The Lynx M20 is DEEP Robotics’ answer to a specific gap in the industrial mobility market: most wheeled AMRs can carry a payload but can’t handle steps, rubble, or industrial debris; most quadrupeds can handle the terrain but can’t carry meaningful cargo. The M20 is built around a wheeled-legged hybrid configuration — wheels for energy efficiency on flat ground, legs for crossing steps up to 25 cm continuously and isolated obstacles up to 80 cm. It rates a 15 kg payload for sustained transport and a 50 kg maximum, on a 33 kg platform that runs three hours unloaded over 15 km of range, or two and a half hours hauling 15 kg over 12 km.

The Lynx M20 Pro lists at $61,200 through DEEP Robotics US; the standard M20 has been reported at roughly $18,000 entry pricing, carrying forward the previous Lynx generation’s positioning. IP66 protection and a -20°C to 55°C operating range mean this is a robot the customer can leave on a construction site through a wet winter, not a robot they bring out for a controlled demo.

What this displaces

Heavy material handling on uneven terrain is a category that’s been mostly out of reach for prior automation. Construction sites, mining sites, oil and gas well pads, and utility line corridors all have terrain that defeats wheeled AMRs and payload requirements that defeat pure quadrupeds. The human worker who currently does this job — porter, line-side helper, material handler — is typically lower-paid and exposed to physical injury risk, which is exactly the profile where the math on robot substitution works fastest.

The 15 kg rated payload is the number that matters for displacement framing. A rebar bundle, a tool kit, a surveying instrument case, a battery pack for a portable lighting tower — these are the loads that today move at the human-porter pace on a site. Once an M20 can do an out-and-back on the same route, the porter role compresses to a supervisor of two-to-four M20 units.

Why we care for LostJobs

If you do site material handling in construction, mining, utility maintenance, or heavy industrial logistics — and especially if you work for a contractor that already has a fleet management team for site vehicles — the Lynx M20 is the early-warning signal. The displacement here doesn’t look like a one-for-one robot-replaces-worker swap. It looks like a fleet ratio change: the four porters become one M20 supervisor plus three M20 units, and the construction labor budget shifts from variable head count to fixed capital.

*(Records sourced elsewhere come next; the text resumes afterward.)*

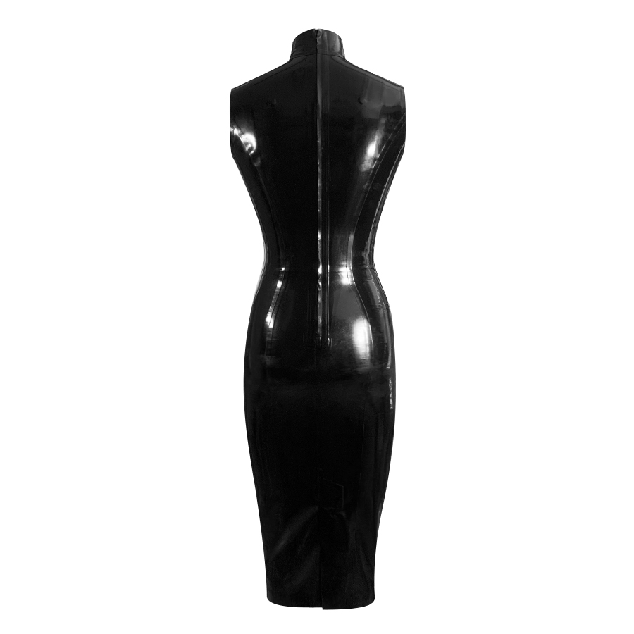 This elegant sleeveless dress features underwired, formed breast shapes alongside a chic full cover design with a high neck.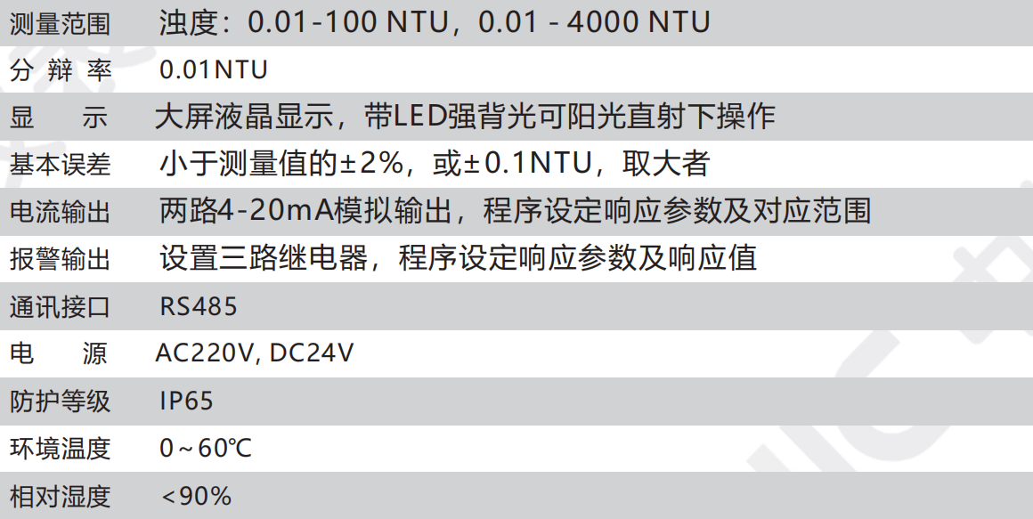CN142-A型在線濁度儀采用光電技術(shù)、維護率低、可靠性高;多參數(shù)同時顯示,濁度值、輸出電流、時間; 中文菜單和簡便的按鍵操作;4-20mA變送輸出、繼電器控制輸出、RS485通信輸出等各種變量輸出,系統(tǒng)智能控制;上下限報警繼電器輸出。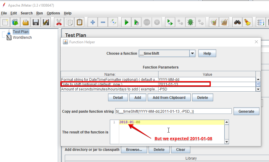 - Date to shift (optional)- to set value 2011-01-13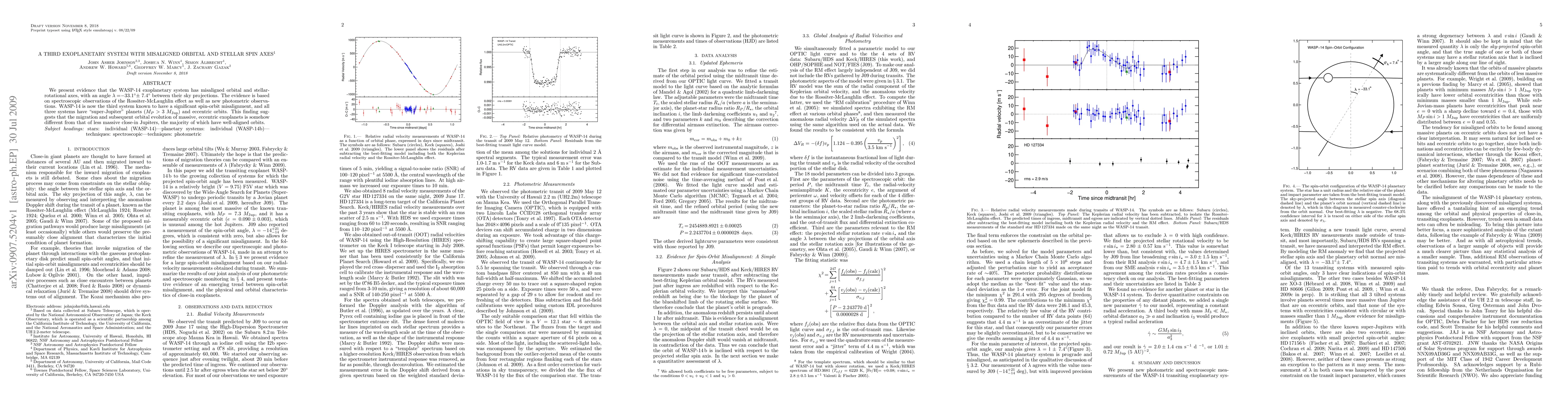 This paper reports the discovery of a misaligned spin-orbit axis in the WASP-14 exoplanetary system, marking the third such system identified. The misalignment angle is 33.1 +/- 7.4 degrees, suggesting unique migration and evolution processes for massive, eccentric exoplanets compared to typical close-in Jupiters.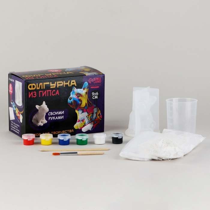 Фигурка гипсовая под раскраску своими руками «Гипсовый бульдог», 9 х 6 см, набор для создания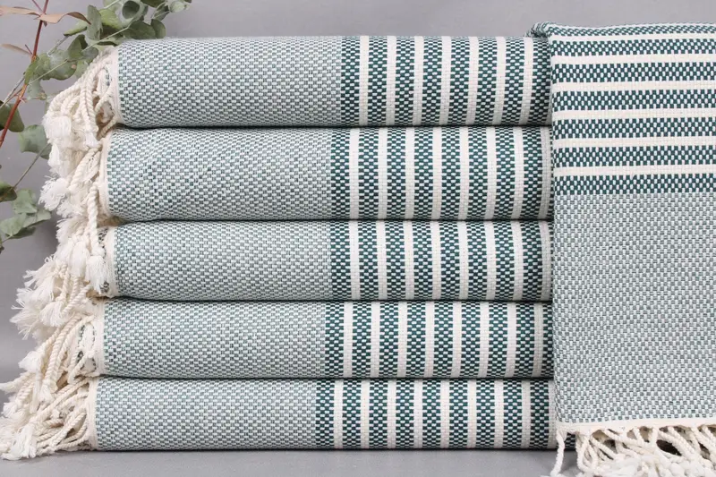 Organic Turkish cotton is utilized in the creation of these bath towels, ensuring optimal absorbency and durability. Resulting in towels that become progressively softer with each wash, especially after pre-wash treatments. Characterized by dimensions of 40x75 inches or 100x190 centimeters, weighing approximately 400 grams, these towels exhibit a tolerance of ±2 inches or 5 cm due to the manual weaving process.

The exposed roles are the lower-skilled tier of physical site work — porter, helper, runner, junior material handler. The skilled trades themselves (electrician, welder, finisher) are not in the M20’s threat envelope yet. The question to watch over the next 18 months is whether large Chinese construction conglomerates pilot this at scale; if they do, the playbook propagates to global contractors quickly.